EXERCISE PROMPT:
Only the text of the records belongs in the answer, copied exactly and without pictures.

══ RECORDS SUPPLIED

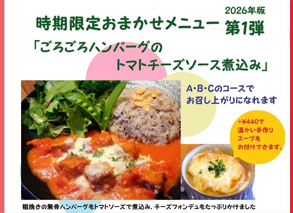 時期限定おまかせメニュー26年第1弾「ごろごろハンバーグのトマトチーズソース煮込み」ご提供予定
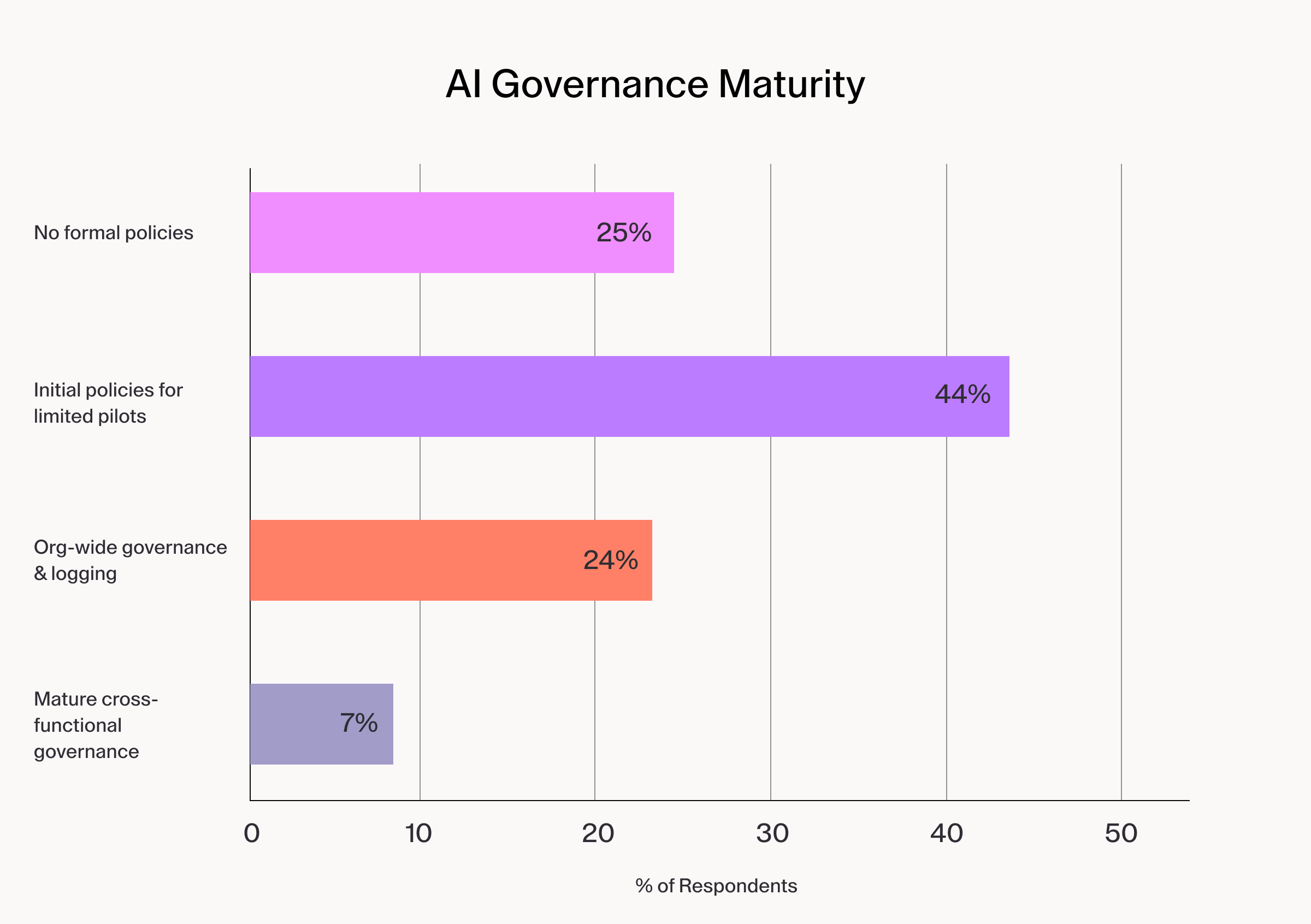 The real risk sits with the 44% running limited pilots under initial policies, moving toward broader agent usage without the infrastructure to support it. The gap between "we have some policies" and "we have organizational-level governance and environment standardization" is where most incidents occur and where governance debt compounds fastest.
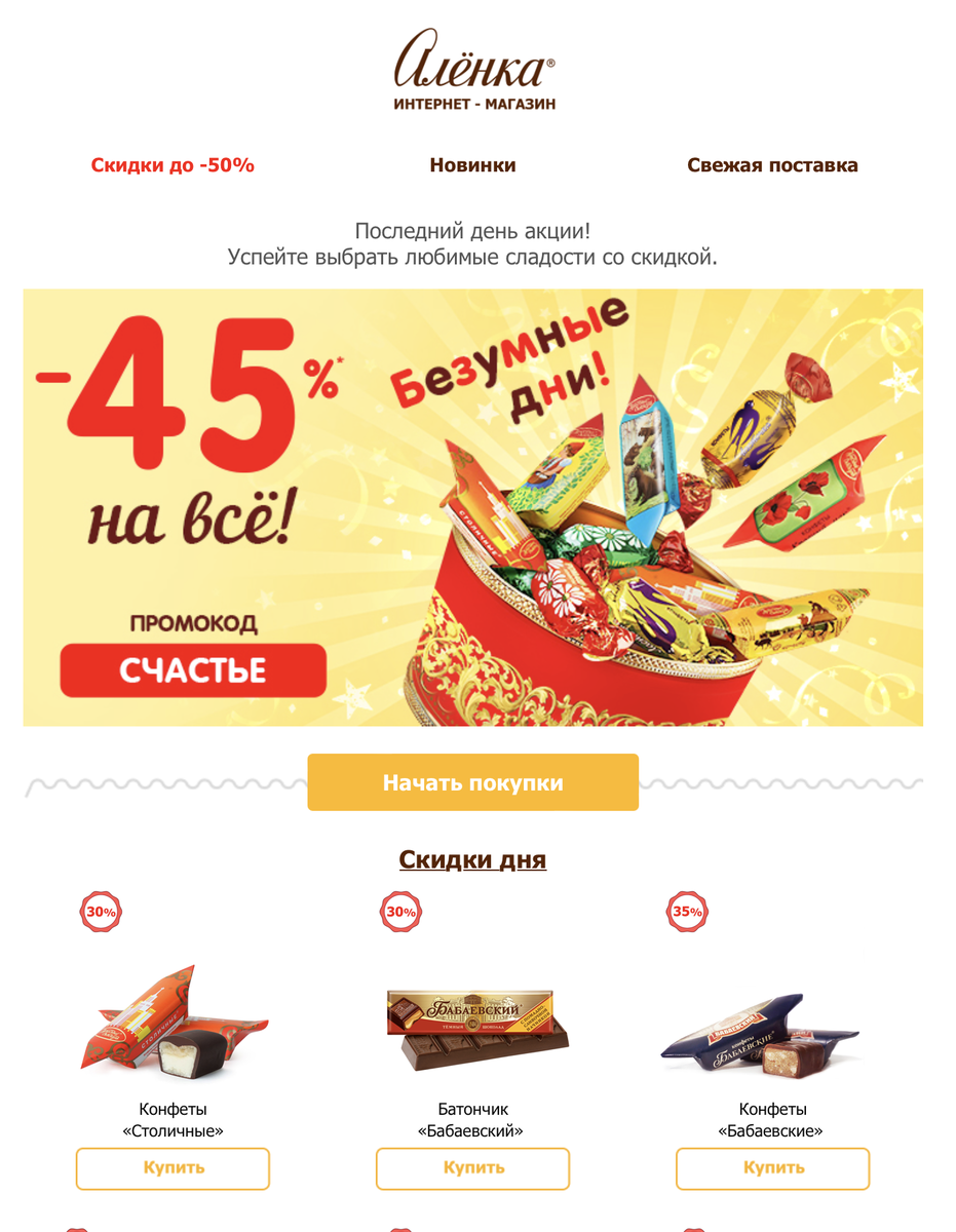 Кто из нас не любит сладости? Сладости любят все! От мала до велика, дети и взрослые, худенькие и не только. На этой неделе своей скидкой нас одаривает магазин "Аленка". Тот самый магазин, вкусняшки которого мы все любим с детства. У магазина, который находится в Москве и до которого не каждый доедет, есть свой интернет-магазин https://clck.ru/356y5r . Что нам надо сделать? Все просто: И главное - в графе ПРОМОКОД пишем слово "СЧАСТЬЕ". Здесь получается две выгоды: скидка 45% и бесплатная доставка. Что мне нравится в этом магазине, так это объединение всех знакомых мне брендов конфет, всегда свежий товар и просто огромный ассортимент. Покупайте вкусняшки и окунитесь вместе с ними в детство!
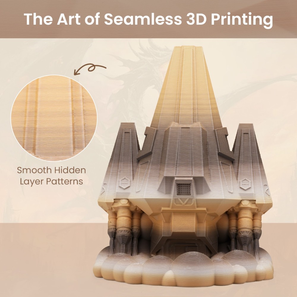 O PLA Matte Gradient Multicolor da ERYONE combina 2 a 3 cores, criando um efeito de gradiente a cada 5 a 8 metros de filamento.
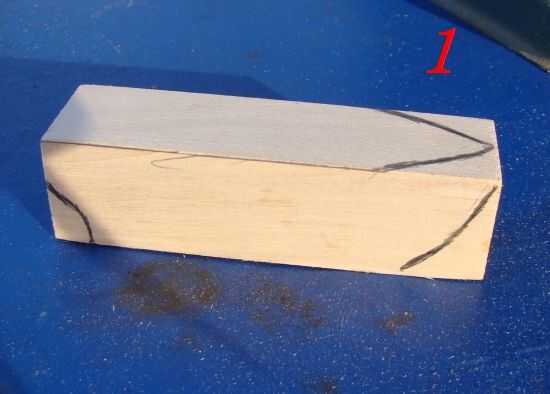 #1. Dibujar el perfil de lado básico y el contorno superior del casco en el bloque de madera.
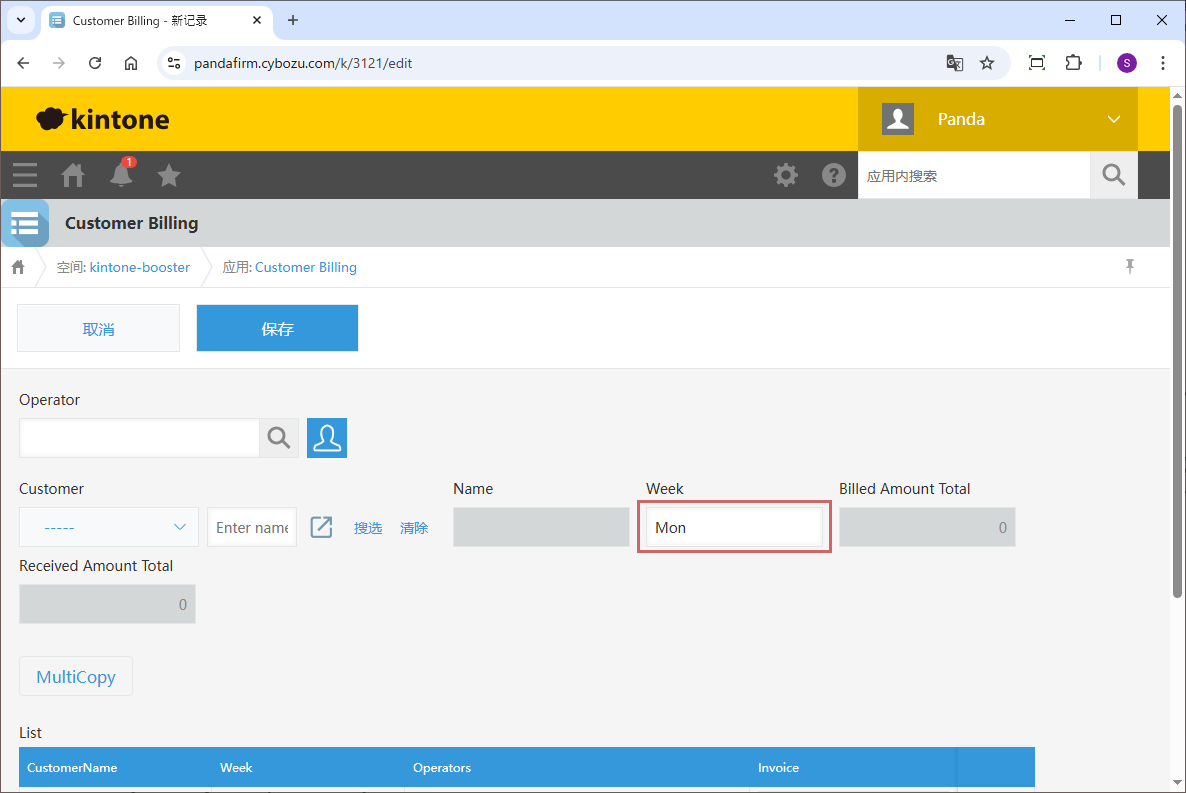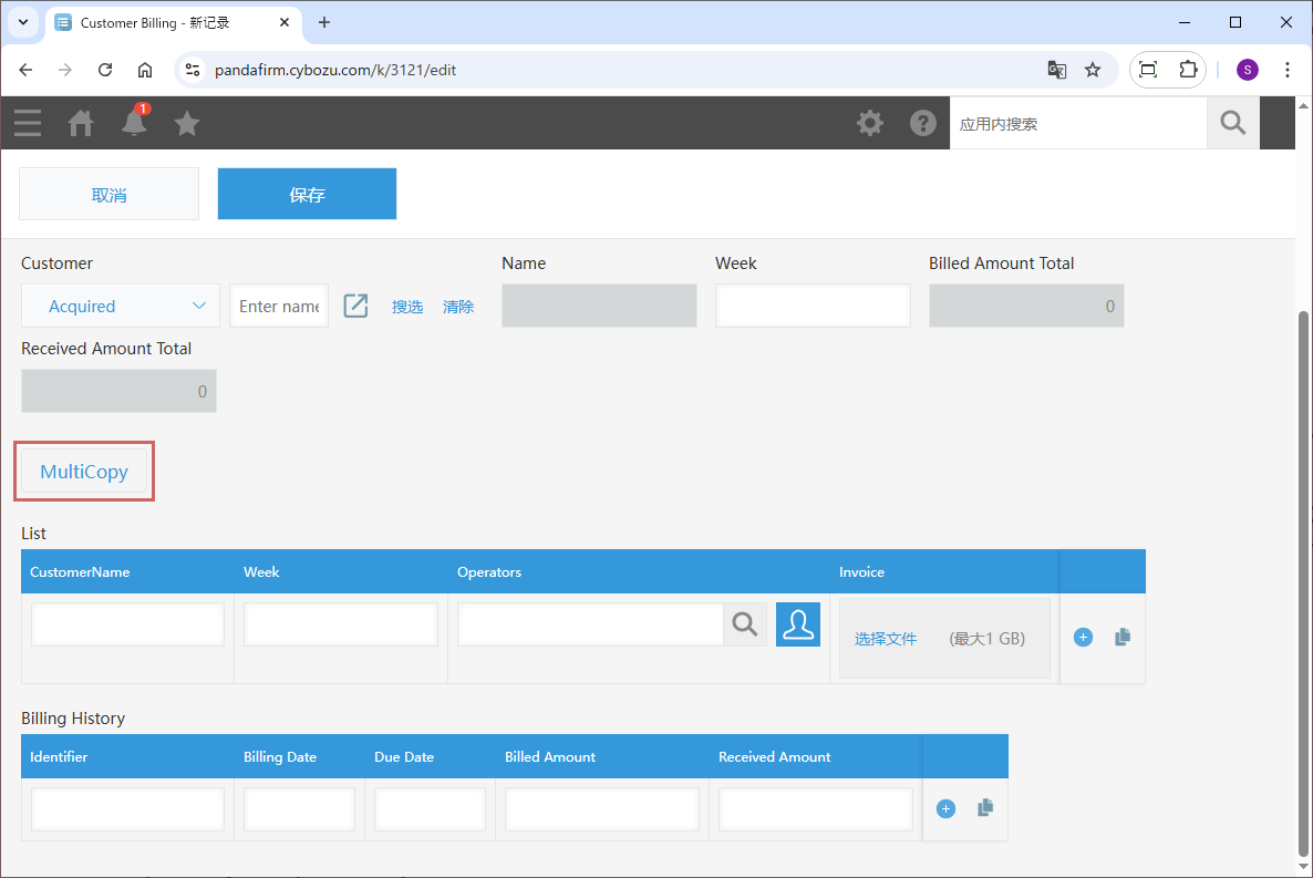 点击该按钮后,会显示一个用于选择要复制的记录的画面。选择完要复制的记录后,将其复制到表格中。

════

SOLUTION TO THIS PROBLEM:
 時期限定おまかせメニュー26年第1弾「ごろごろハンバーグのトマトチーズソース煮込み」ご提供予定
 The real risk sits with the 44% running limited pilots under initial policies, moving toward broader agent usage without the infrastructure to support it. The gap between "we have some policies" and "we have organizational-level governance and environment standardization" is where most incidents occur and where governance debt compounds fastest.
 Кто из нас не любит сладости? Сладости любят все! От мала до велика, дети и взрослые, худенькие и не только. На этой неделе своей скидкой нас одаривает магазин "Аленка". Тот самый магазин, вкусняшки которого мы все любим с детства. У магазина, который находится в Москве и до которого не каждый доедет, есть свой интернет-магазин https://clck.ru/356y5r . Что нам надо сделать? Все просто: И главное - в графе ПРОМОКОД пишем слово "СЧАСТЬЕ". Здесь получается две выгоды: скидка 45% и бесплатная доставка. Что мне нравится в этом магазине, так это объединение всех знакомых мне брендов конфет, всегда свежий товар и просто огромный ассортимент. Покупайте вкусняшки и окунитесь вместе с ними в детство!
 O PLA Matte Gradient Multicolor da ERYONE combina 2 a 3 cores, criando um efeito de gradiente a cada 5 a 8 metros de filamento.
 #1. Dibujar el perfil de lado básico y el contorno superior del casco en el bloque de madera.
 点击该按钮后,会显示一个用于选择要复制的记录的画面。选择完要复制的记录后,将其复制到表格中。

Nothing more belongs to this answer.